12 Принципиальная обобщенность, всечеловечность поставленных проблем подчеркнута намеренной литературностью сюжетов. Автор переносит нас в хорошо известный русскому читателю европейский литературный мир, намеренно удаленный от повседневной, обыденной жизни.
13 Здесь на обобщенных знакомых и вместе далеких моделях (рыцарский мир романов Вальтера Скотта, похождения и гибель Дон Жуана, пленительная музыка В. А. Моцарта и К. В. Глюка) Пушкин исследует эти трагические конфликты.
14 Принципиально неразрешимое для человечества в целом может быть, по Пушкину, хотя бы частично, компромиссно разрешено в частном человеческом бытии. И поэт противопоставляет четкие, опирающиеся на давнюю традицию конструкции «Маленьких трагедий» — «Повестям Белкина» с их хорошо знакомыми читателям реалиями и деталями повседневного русского быта. В этих маленьких повестях традиционный литературный материал разрушается и переосмысляется во имя счастья отдельной личности, индивидуума, хотя это благополучие в большинстве случаев все же оказывается далеко не полным.
15 Итак, 1 сентября Пушкин выехал в Болдино, чтобы вступить во владение частью имения, выделенного ему отцом по случаю предстоящей свадьбы. Настроение у него было тяжелое. Будущая женитьба порой представала в мрачном свете. Возникал вопрос: «Зачем?» В мае 1830 в автобиографическом отрывке «<Участь моя решена, я женюсь...>» «счастливый» жених вдруг написал: «...я жертвую независимостию, моею беспечной, прихотливой независимостию, моими роскошными привычками, странствиями без цели, уединением, непостоянством. <...> Я никогда не хлопотал о счастии — я мог обойтиться без него. Теперь мне нужно на двоих — а где мне взять его».3 В вариантах проскальзывает самое страшное опасение: женитьба убьет (уменьшит) даже творческий потенциал: «жертвую вдохновениями (вдохновением)» (VIII, 952). Были и сомнения не только в любви, но вообще в расположении, хорошем добром отношении невесты: «...если она согласиться отдать мне свою руку, я увижу в этом лишь доказательство спокойного безразличия ее сердца» (XIV, 404).4
3. Пушкин А. С. Полн. собр. соч.: [В 16 т.]. М.; Л., 1948. Т. 8. С. 406. Далее ссылки на это издание приводятся в тексте сокращенно, с указанием номера тома и страницы.

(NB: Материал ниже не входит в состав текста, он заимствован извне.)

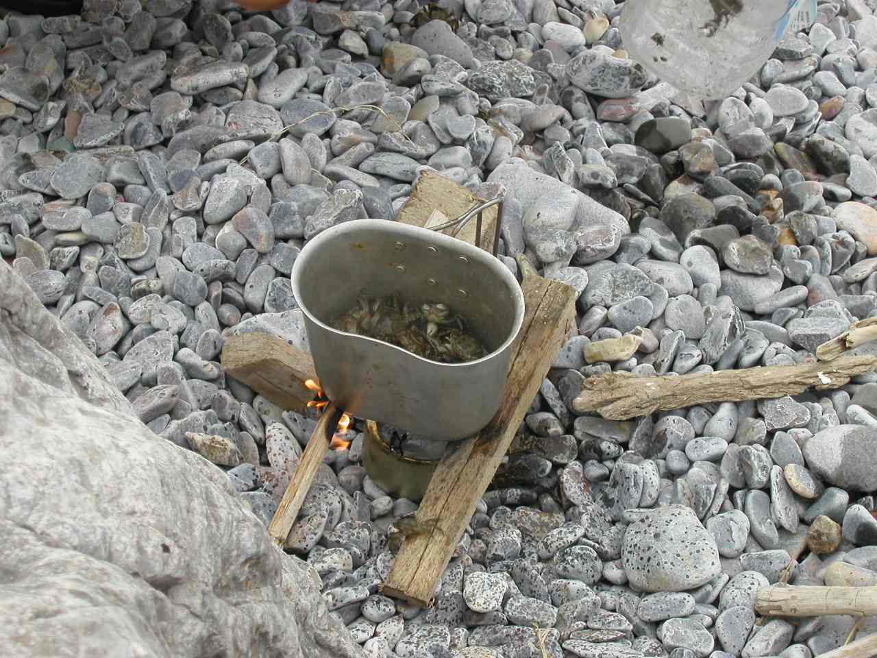 准备生火做饭,左边的矿泉水瓶子里是我俩抓的螃蟹,一会就变成油炒螃蟹了

4. Письмо Н. И. Гончаровой от 5 апреля 1830 года. Оригинал по-французски.
16 Это были вопросы капитальные. Неясно было, как сложится, как строить будущую жизнь. Но помимо этих главных сомнений и размышлений в жизнь поэта вторгалась мощным потоком пошлость обыденной жизни, психику изнуряли отвратительные мелкие дрязги, переменчивый и капризный нрав будущей тещи. Сама свадьба была под вопросом.
17 Буквально накануне отъезда (31 августа) он пишет Плетневу: «...грустно, тоска, тоска... Свадьба моя отлагается день ото дня далее. Между тем я хладею,5 думаю о заботах женатого человека, о прелести холостой жизни. Осень подходит. <...> пора моих литературных трудов настает — а я должен хлопотать о приданном да о свадьбе, которую сыграем бог весть когда» (XIV, 110).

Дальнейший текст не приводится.